Sunday, July 6, 2008

















Bint Jbeil Michigan d’Ahmed Beydoun


La récente réédition par Dar AnNahar du petit récit de voyage, Bint Jbeil Michigan d’Ahmed Beydoun (paru en 1989), coïncide avec un nouvel épisode (rien moins que la dernière guerre qui s’est sauvagement abattue sur la capitale du Djebel ‘ Amil et dont un tout récent témoignage de presse dit : « Il faut faire un effort devant les amoncellements de pierres et de gravats pour tenter de se rappeler ce qu’était Bint Jbeil, il y a deux mois », L’Orient-Le jour, mardi 29 août) qui vient confirmer encore une fois s’il en était besoin la réflexion amère qui clôt le chapitre final, celui du retour, « Aéroport 2 » : “Je me suis rappelle ma peur (…) le jour ou j’ai lu que des villages avaient disparu de la carte pendant la première guerre mondiale pour cause de famine et d’émigration. Le nombre d’habitants n’avait pas diminue de mille a cent mais c’est le village entier qui a cesse d’exister. Durant la guerre actuelle (celle de l’invasion israélienne de 1982 et ses suites), des villages et des quartiers urbains ont été détruits, mais cette peur est timorée par l’espoir que portent leurs habitants de les faire renaître… le souvenir de cette peur m’est revenu parce que Bint Jbeil-Liban se réduit vite alors que le Bint Jbeil-Michigan prospère aussi vite ».

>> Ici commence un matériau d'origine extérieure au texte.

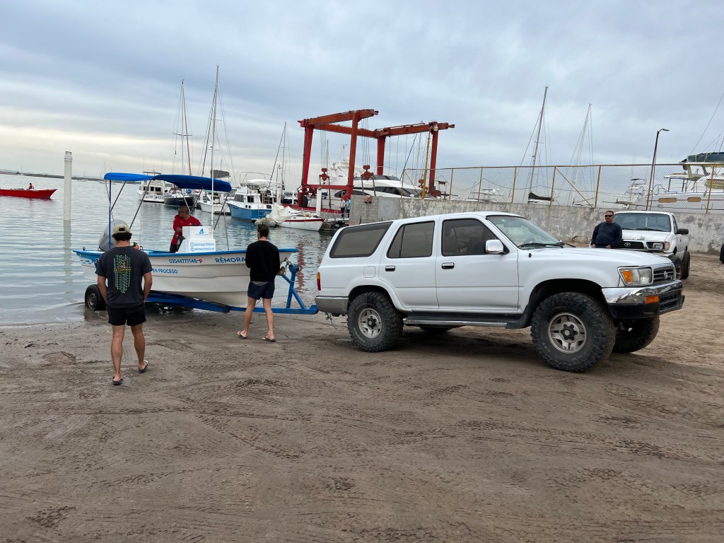 Vi kastar i ett plaströr med hål och lock som fyllts med fisk, skär upp fryst fisk i bitar och sätter på krokarna och släpper ner linan på botten, känner med fingret på linan när/om det nappar. På ett ställe är det något stort som är på min lina och nästan drar mig överbord – men lossnar tyvärr, mest troligt var det en liten haj. Vi är ute i ca 2,5 timme och provar flera ställen utan framgång och vänder tillbaka. Det enda vi fått upp är diverse småfiskar – bland annat en som ”snarkar” och en liten muräna. Pelikanerna håller sig nära båten och slickar sig om näbben när de ser att vi fått napp.

L’historien universitaire libanais rentrait d’une (deuxième) visite a la petite « diaspora » de sa ville natale qui s’était regroupée, au fil des ans, dans la ville américaine de Deerborne ou elle y a ses lieux de réunion et de prière, son circuit social et culturel et même son cimetière. Le phénomène n’a rien de particulier, les emigres libanais (après les Italiens, les Grecs et toutes les nations d’Asie du Sud Est) se cooptent depuis toujours dans leur exil et reconstituent outre Atlantique (ou même aux confins de l’Océanie) des milieux presque homogènes, des quartiers – rues surtout, zones closes ou même certains n’ont pas besoin d’apprendre la langue du pays d’accueil pour survivre. Mais l’approche de Beydoun est fraîche, originale, tout juste un innocent carnet de route, un petit journal (78 pages) ou défile une galerie de portraits, des expatries hommes et femmes nostalgiques de leur terre natale ou engages dans les valeurs du « nouveau monde » (Abou Rachid l’abadaye haut en couleurs, L’agha fier d’avoir reçu une lettre de Ronald Reagan pour son 105eme anniversaire, la sœur « américanisée »…), une relation du quotidien américain des ces sudistes (les femmes et le «window shopping », les hommes embarques dans le rythme du travail et ceux qui s’ingénient a l’éviter, le nouveau rituel de la mort…. ) ainsi que quelques moments forts de ce séjour (surtout l’inoubliable « conférence » donnée par l’auteur devant des compatriotes qui faute d’en comprendre les nuances de contenu furent quand même berces dans une sorte de tarab par cette maîtrise devenue rare pour eux de leur langue d’origine, ou une soirée de noces, mélange de petites traditions et de comportements « acquis »…).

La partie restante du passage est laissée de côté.